As a first attempt at working with patterns I am trying to implement a simple search for zipcode and am having trouble with the pattern.
I am putting the patterns in a jsonl file and running a command like the following:
The keys should be case insensitive, so either "shape" or "SHAPE" is fine. If you’re assembling the dict in Python, you might also find it convenient to import the numeric ID from spacy.symbols.
The easiest way to write the pattern would be to take an example of the text you want to match, and make a doc object, ideally in the interpreter (or a Jupyter notebook). Then you can find the values of the attributes, e.g. the shape_ attribute. You could also specify IS_DIGIT: True and LENGTH: 5 if you want.
We don’t currently support regular expressions in the match rules. The main alternative is to define a new binary flag, which you add with nlp.vocab.add_flag(). The flag function should take a string as its argument, and return a boolean value. This way, you can indicate whether the token’s text matches a regular expression.
This approach isn’t so convenient if you’re passing in a patterns.jsonl file and using the built-in recipes. You have to add the flag at the start of the recipe, and then this will give you the numeric ID of the flag which you can insert into your patterns.
From your comments I did not understand what was wrong with the {“SHAPE”:“ddddd”}],“label”:“ZIPCODE”} pattern. I would like to understand so I can use shape for more complicated cases.
I ended up using {“pattern”:[ {“IS_DIGIT”:true ,“LENGTH”:5} ],“label”:“ZIPCODE”}
[ {“IS_DIGIT”:true}, {“LENGTH”:5} ] returned a digit followed by a string of length 5.
When doing the following:
nlp = spacy.load(‘en’)
doc = nlp(u’12345’)
and using tabcomplete for doc ----- I looked through most of these but could not find any nice attributes of the type you were describing.
You want {"IS_DIGIT": true, "LENGTH": 5} -- you're applying two predicates to specify one token, so they go in the same dict. If you provide them in two dicts, you're specifying two tokens.
So it's possible you had a similar problem before?
I might be answering the wrong question here, but possibly you want to get a token object with token = doc[0] and tab complete through that?
I'm a bit nervous that the tab completion might miss things, however --- because spaCy is written in Cython, sometimes the automatic code inspection fails.
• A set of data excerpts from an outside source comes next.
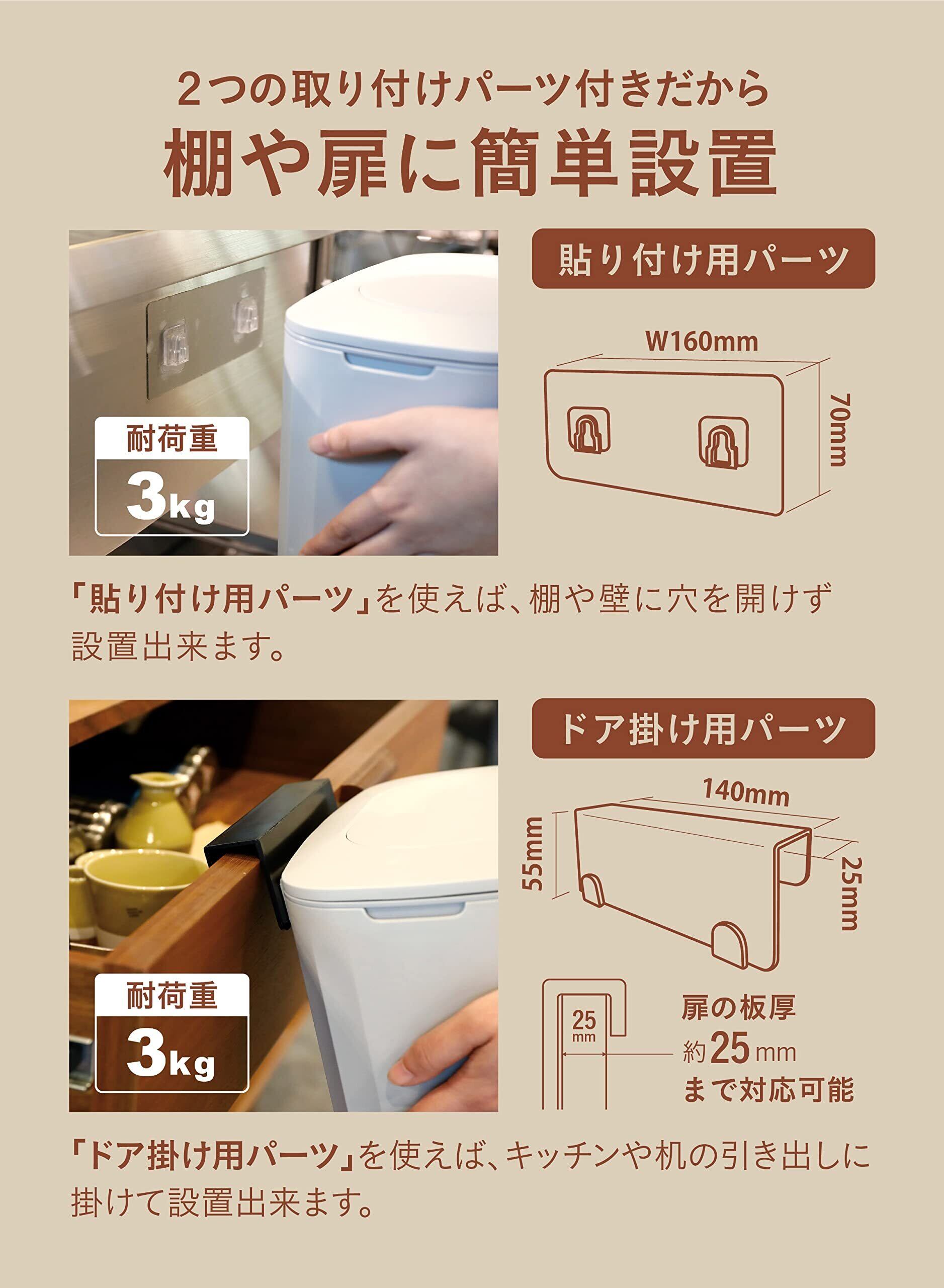 「貼り付けパーツ」を使えば、、壁や棚に穴を開けず設置が可能です。「ドア掛けパーツ」をを使えばキッチンや机の引き出しに掛けて設置が出来ます。使いたい場所に合わせたお好みの取り付け方が出来ます。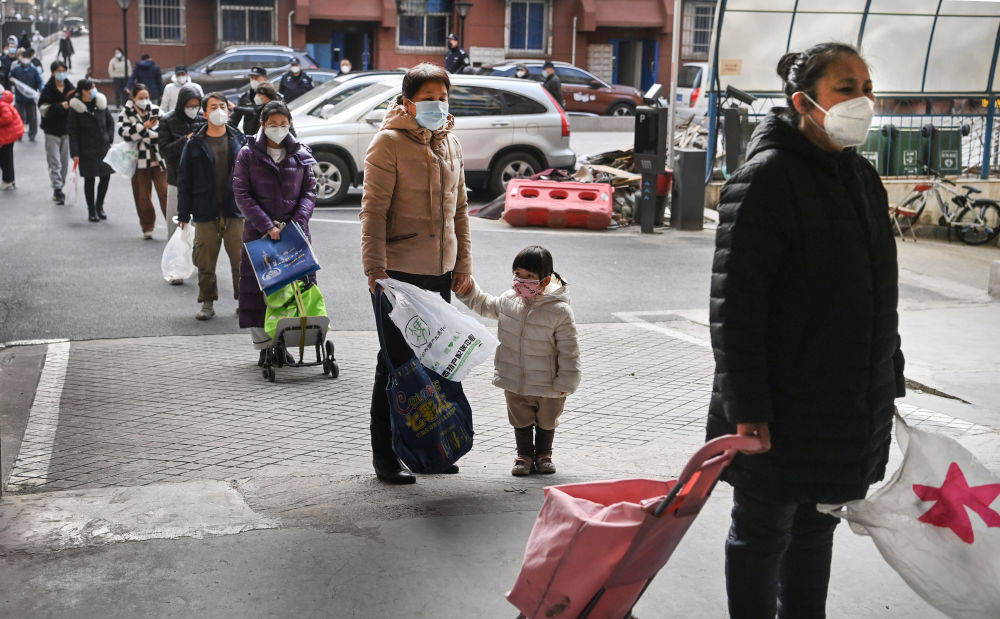 1月10日,雁塔區科技路一小區的居民排隊領取愛心人士捐贈的生活物資。新華社記者 陶明 攝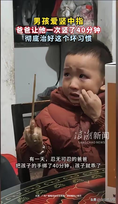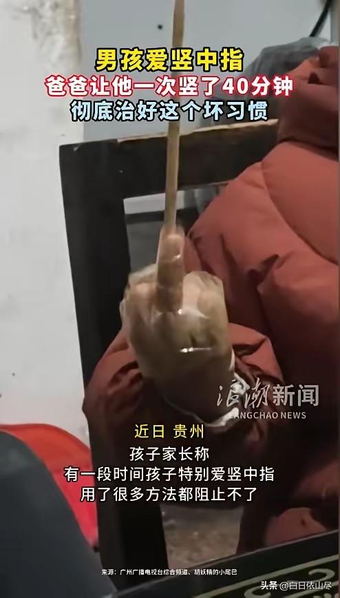 “看你改不改!”近日,贵州,一小男孩学会了竖中指,家长屡教不改。孩子的爸爸一怒之下,强制让孩子竖了40分钟,过程中哭闹求饶都不行,让他一次性竖了个够。这之后,彻底治好了孩子的这个坏习惯。玩过:以后还竖不竖中指啦? 2026年2月28日,贵州贵阳,一名学龄前男孩在家中频繁做出竖中指的不文明手势,家长多次劝导无果后,父亲采取了特殊的纠正方式,引发不少家长关注。 这名男孩平日里活泼好动,在日常玩耍与社交过程中,无意间学会了竖中指这一带有冒犯性的手势,起初只是觉得新奇有趣,随后便频繁对着家人做出该动作, 即便家长反复告知这样的行为不礼貌、不合适,孩子依旧没有改正,反而觉得好玩,多次重复这一动作,常规的口头教育、行为提醒都没能起到作用,家长为此感到十分头疼。 孩子的父亲在多次尝试温和引导失败后,决定用体验式的方式让孩子直观感受行为带来的感受,他找来普通的硬质筷子与无痕胶带,将孩子的中指与筷子贴合固定,再用胶带轻轻缠绕包裹,让手指保持竖中指的固定姿势, 全程没有用力拉扯或造成身体损伤,只是单纯固定手势形态。固定完成后,父亲让孩子保持这个姿势不动,全程持续整整四十分钟, 期间孩子因为手臂与手指酸胀不适,逐渐从嬉闹转为委屈,身体不断扭动试图挣脱,眼泪不停掉落,还不断做出求饶的肢体动作,希望父亲解开胶带与筷子,恢复手部自由。 整个过程中,父亲始终站在一旁陪伴,没有呵斥也没有打骂,只是坚持让孩子完成既定的时长,没有因为孩子的哭闹与求饶提前松绑。 孩子在持续的酸胀感中,慢慢失去了最初的嬉闹心态,全程安静下来,专注于手部的不适感,不再有主动模仿手势的兴致。 四十分钟时间一到,父亲立刻轻柔地解开胶带与筷子,检查孩子手指与手腕没有红肿、勒痕等不适状况,随后让孩子活动手部放松肌肉。 经过这次完整的体验式纠正,孩子彻底改变了随意竖中指的习惯,后续在家中、户外玩耍时,再也没有主动做出过这一不文明手势,原本顽固的坏习惯被一次性纠正,家长也无需再反复提醒约束。 2026年国内儿童行为养成研究数据显示,低龄儿童的不良行为多源于模仿与好奇,单纯说教难以形成深刻记忆,适度的体验式约束,能让孩子直观感知行为边界,比反复口头提醒更易形成行为认知,这一结论也与此次家庭纠正过程相契合。 当下家庭教育场景中,低龄儿童行为习惯培养备受关注,2026年新版家庭教育指导指南也明确,纠正孩子不良行为需兼顾适度与边界,以引导认知为核心,避免过度惩戒与情绪宣泄 此次家长的处理方式,全程以行为纠正为目的,没有造成身体伤害,最终达成了理想的纠正效果,也为不少面临同类育儿问题的家庭提供了真实参考。 对此,你们有什么看法,欢迎评论留言~

I also never use tab completion, so I don't see problems as they occur.
Will this serve as a filtering step for the model and/or the annotations?
When predicting if a given string is a certain entity I would like for both the model AND the annotation procedure to prefilter on the pattern.
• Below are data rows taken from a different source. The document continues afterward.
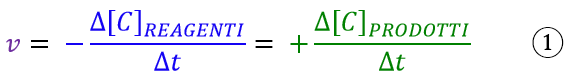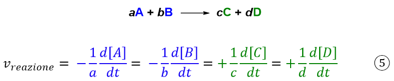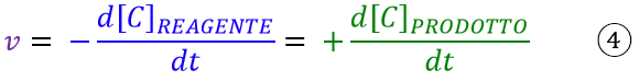 In sintesi possiamo definire la velocità di una reazione come la derivata rispetto al tempo della concentrazione di una delle specie che prendono parte alla reazione divisa per l’appropriato coefficiente stechiometrico e trasformata in numero positivo.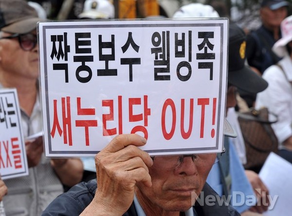 [포토]'짝퉁보수 웰빙족 새누리당 아웃!'피켓 든 애국보수단체 회원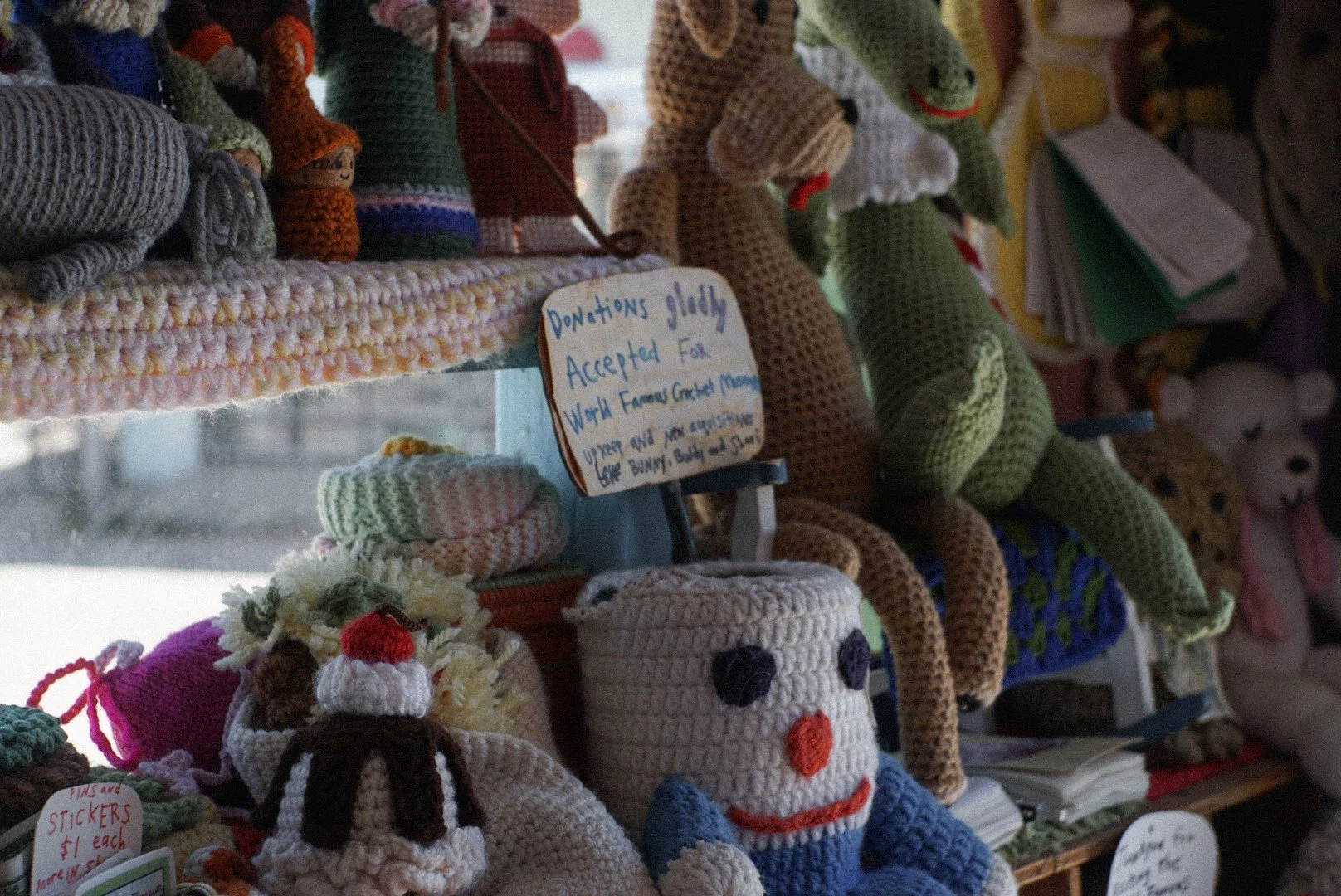 As I mentioned, this free and open to the public museum is a part of Art Queen. It’s a very small converted photo booth that maybe only three or four people at most can fit into at a time. Shari Elf began and maintains this collection of various crocheted items such as dogs, elephants, flowers, smiley faces and more. It’s always open and you can park anywhere in the area, as it’s not a far walking distance from any spot in town.

For the zipcode example, I would like to annotate only strings that are 5 digits long. I would like the model to never predict that a string is a zipcode unless it is a 5 digit string (I have other 5 digit strings that are not zipcodes in my corpus).
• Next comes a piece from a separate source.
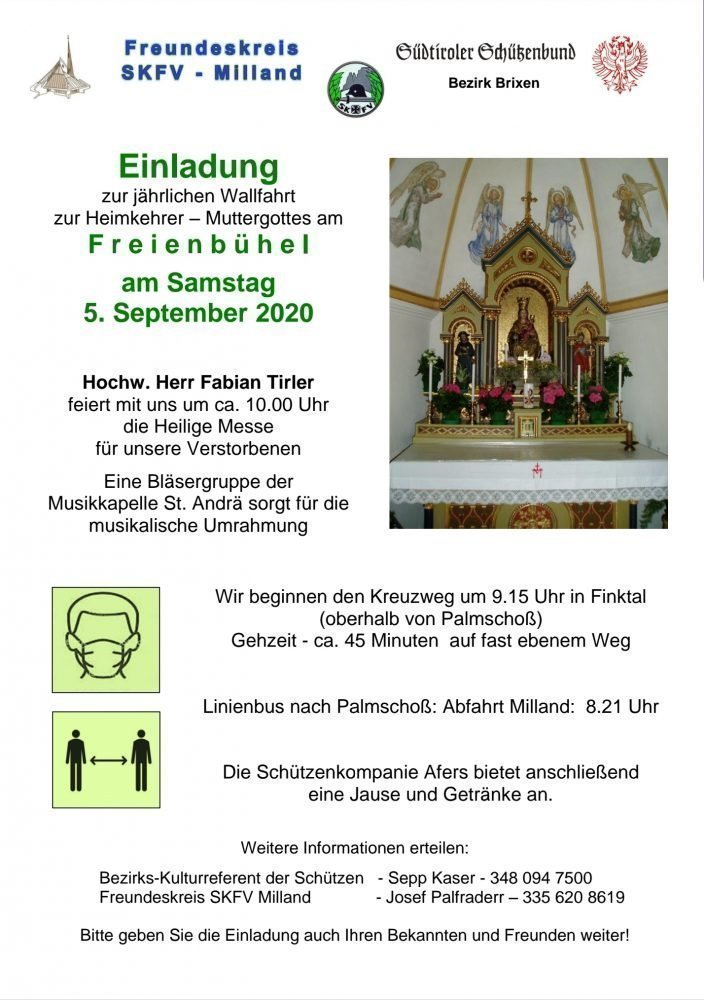 Einladung zur jährlichen Wallfahrt zur Heimkehrer – Muttergottes am Freienbühel 26. August 2020 Einladung Freihenbühel 2020

The basic idea is you’re just going to write a recipe function that calls into the ner.teach recipe, and gets the components it returns. This allows us to intercept the tasks before they’re passed to the REST API, to prevent questions from being asked if we can figure out the answer in some easy way. Additionally, we can auto-reject the dropped tasks, so that they’re stored in the dataset and used to update the model.
I think this approach should give you what you want — it’s basically auto-answering the questions.
import prodigy
from prodigy.recipes.ner import teach
@prodigy.recipe('custom.ner.teach', **teach.__annotations__)
def custom_ner_teach(dataset, spacy_model, source=None, api=None, loader=None,
label=None, patterns=None, exclude=None):
"""Custom wrapper for ner.teach recipe that replaces the stream."""
components = teach(**locals())
original_stream = components['stream']
original_update = update
bad_spans = []
def get_modified_stream():
nonlocal bad_zips
for eg in original_stream:
for span in eg['spans']:
if span['label'] == 'ZIP' and len(span['text']) != 5:
eg['answer'] = 'reject'
bad_spans.append(eg)
break
else:
yield eg
def modified_update(batch):
nonlocal bad_spans
batch = batch + bad_spans
bad_spans = []
return original_update(batch)
components['stream'] = get_modified_stream()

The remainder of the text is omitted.